The framework changing our understanding of what drives team culture

It is no coincidence that high-performing organisations see great value in not only acquiring top talent but also investing in developing them. However, too many leaders make the critical error of hiring top talent but then leaving them to find their own way to fit into the team and essentially fend for themselves. This often leads to an organisation consisting of several highly talented individuals rather than a high-performing, cohesive and effective team. In an age where the job market and economy are turbulent, it is crucial to gain a deeper understanding of what drives the culture of a team so that we can lead our organisations to thrive.

Ashkan Tashvir on what drives the success and failure of individuals, teams and organisations

It is in this area that technologist, parallel entrepreneur, investor and philosopher, Askhan Tashvir, spent more than a decade working with and studying entrepreneurs, startups, leaders and investors, including many exceptionally high achievers, to discover the behavioural patterns and qualities that determine success or failure of individuals, teams and organisations.

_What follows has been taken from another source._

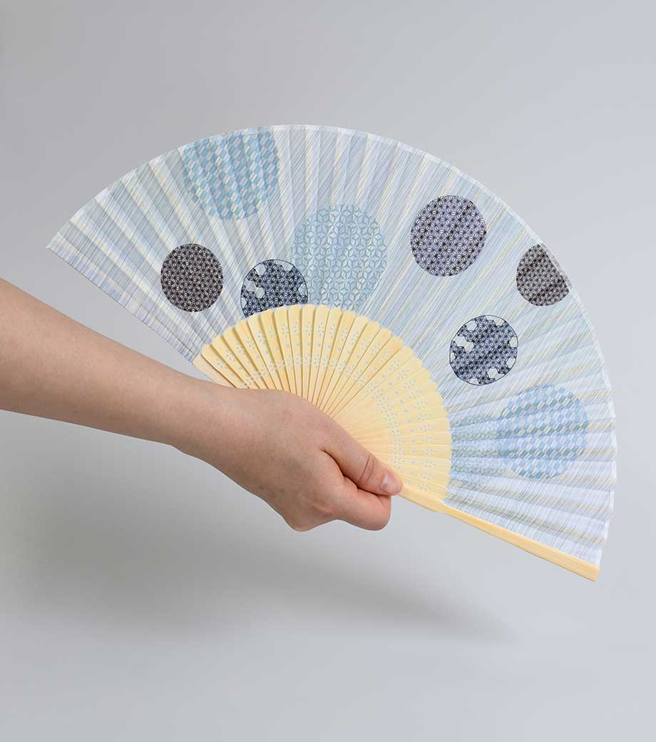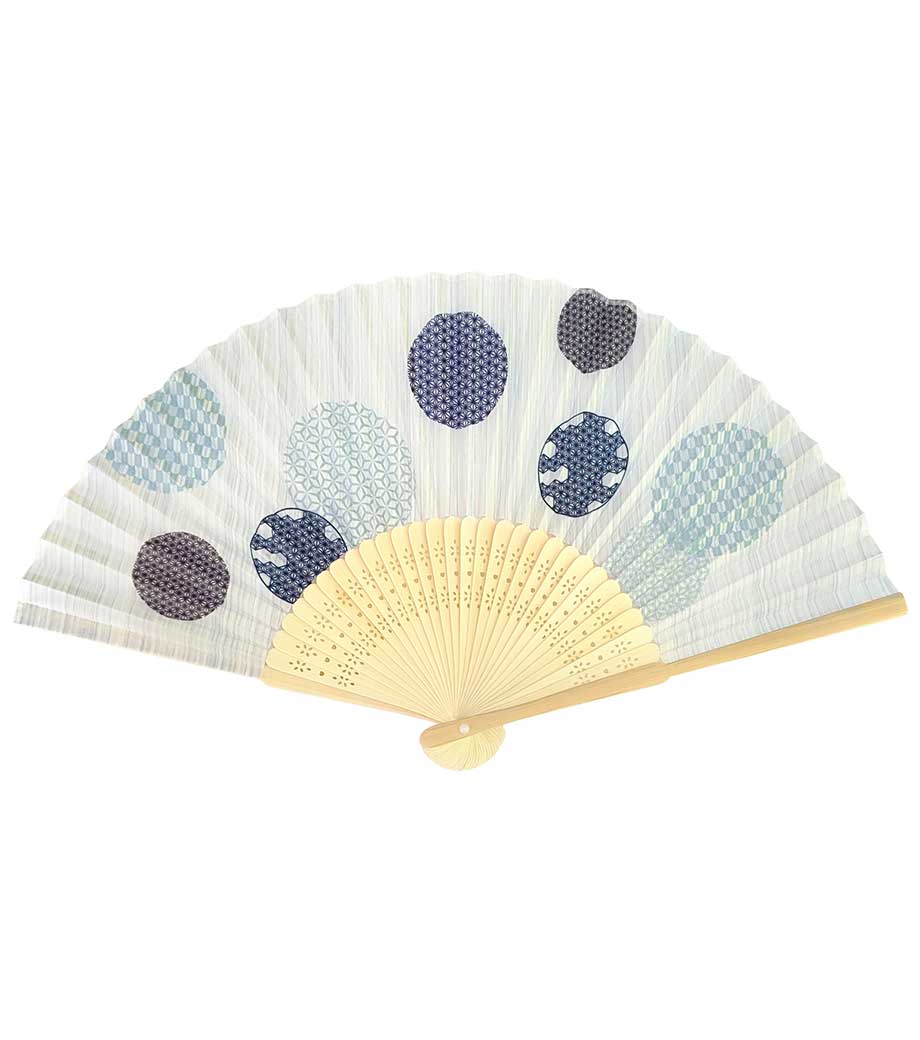 白竹扇子 てまりは、日本の伝統柄の矢絣や麻の葉文様のてまりが美しい扇子。骨組には清涼感のある白竹を使用し、淡い水色の扇面と合わせ見た目も涼やかです。男女問わず使用できる扇子は、展示会・イベントでの夏の定番ノベルティ。軽くかさばらず、電気を使わないエコアイテムなので、外国人向けの贈り物にも大変人気があります。

He found that it’s not due to a lack of capital, technology or the right techniques or strategies; it’s because of who and how they are BEING, the underlying qualities that influence their decisions and drive their behaviours and actions.

These deeper qualities largely influence your decisions and choices and drive your behaviours, which ultimately determine how fulfilled and accomplished you are going to become as an individual, a family or an organisation. He calls these qualities Aspects of Being, and he distinguishes thirty-one of them in his body of work called the Being Framework. The work is quite radical in that it goes against the grain of quick-fix methods, and encourages leaders and team members to go deeper, look at themselves and see how they can contribute to a thriving team or organisation.

How can the Being Framework make a difference in understanding the way we build, maintain or transform the culture within our teams and organisations? Let’s explore this as well as how the Framework differs from common approaches out there today,

Individuals are at the centre of organisational effectiveness

Ashkan brings attention to the simple fact that a very effective team consists of a number of individuals working together effectively.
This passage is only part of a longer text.